JAKARTA, TOVMEDIA.CO.ID – Perserikatan Bangsa-Bangsa (PBB) melalui United Nations Resident Coordinator in Indonesia, memberikan apresiasi kepada Otoritas Jasa Keuangan (OJK). Apresiasi itu merupakan penghargaan atas kepemimpinannya dalam memperkuat Indonesia Anti-Scam Centre (IASC) guna menghadapi meningkatnya ancaman penipuan digital.
Apresiasi tersebut disampaikan UN Resident Coordinator in Indonesia Gita Sabharwal, saat menghadiri seminar Strengthening Defenses Against Scams: Addressing AML Vulnerabilities and Compliance in Digital Finance and Virtual Assets yang digelar OJK di Jakarta, Senin (6/7/2026).

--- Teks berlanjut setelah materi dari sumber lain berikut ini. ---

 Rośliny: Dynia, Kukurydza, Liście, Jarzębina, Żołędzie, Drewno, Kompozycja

Gita menilai, penipuan digital tidak hanya menimbulkan kerugian finansial, tetapi juga mengikis kepercayaan masyarakat terhadap layanan keuangan digital yang menjadi fondasi penting bagi inklusi keuangan.

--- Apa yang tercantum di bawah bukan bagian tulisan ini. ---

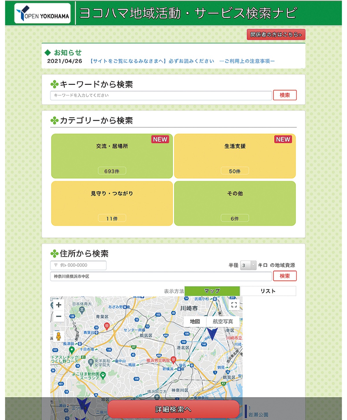 地域活動に参加したいけど、地元ではどんな団体が活動しているの--。こんな市民の要望に応えようと、横浜市はこのほど、インターネットで活動を検索できる「ヨコハマ地域活動・サービス検索ナビ」を立ち上げた。5月12日から先駆けて都筑区、緑区、鶴見区、瀬谷区の4区で先行的に運用されている。
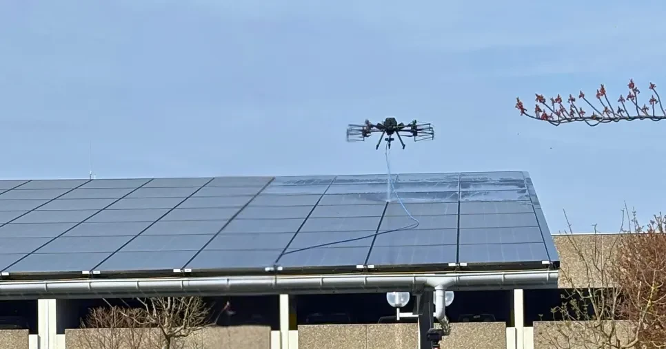Démonstration de nettoyage de panneaux solaires par drone : une intervention en conditions réelles

“Di luar kerugian finansial yang langsung dirasakan. Setiap penipuan yang berhasil terjadi mengikis kepercayaan terhadap layanan keuangan digital. Bahkan melemahkan kepercayaan yang menjadi fondasi inklusi keuangan,” katanya.
Menurut Gita, transformasi digital di Indonesia membuka peluang besar bagi inovasi dan pertumbuhan ekonomi. Namun, manfaat tersebut hanya dapat terwujud apabila masyarakat memiliki kepercayaan terhadap sistem keuangan yang mereka gunakan.
Ia juga menegaskan, kemitraan antara UNODC dan OJK sangat strategis karena memungkinkan berbagai lembaga internasional memberikan dukungan berupa kebijakan, bantuan teknis, serta pengalaman global dalam memperkuat pertahanan terhadap kejahatan penipuan.
Sementara itu, Resident Advisor United States Bureau of International Narcotics and Law Enforcement Affairs, Justin Brown, menilai, penanganan scam tidak lagi hanya menjadi tanggung jawab aparat penegak hukum. Tetapi juga membutuhkan kolaborasi erat antara regulator, industri jasa keuangan, dan sektor swasta.
Menurutnya, jaringan pelaku kejahatan yang beroperasi lintas negara hanya dapat dihadapi melalui kerja sama internasional yang kuat serta koordinasi antarlembaga.
Dialog Tingkat Tinggi
Seminar tersebut juga menghadirkan dialog tingkat tinggi yang melibatkan UNODC, Singapore Police Force, Bank Indonesia, Indonesia Anti-Scam Centre, OJK, dan pelaku industri perbankan.
Forum itu membahas penguatan customer due diligence, pemantauan transaksi, pengawasan merchant dan sub-merchant, serta pemanfaatan teknologi untuk mendeteksi pola transaksi yang terindikasi penipuan.
Melalui forum tersebut, para pemangku kepentingan memperkuat komitmen membangun ekosistem anti-scam yang lebih tangguh melalui kemitraan pemerintah dan sektor swasta. OJK meyakini kolaborasi nasional maupun internasional menjadi faktor penting dalam menjaga keamanan ekosistem keuangan digital dan integritas sistem keuangan Indonesia.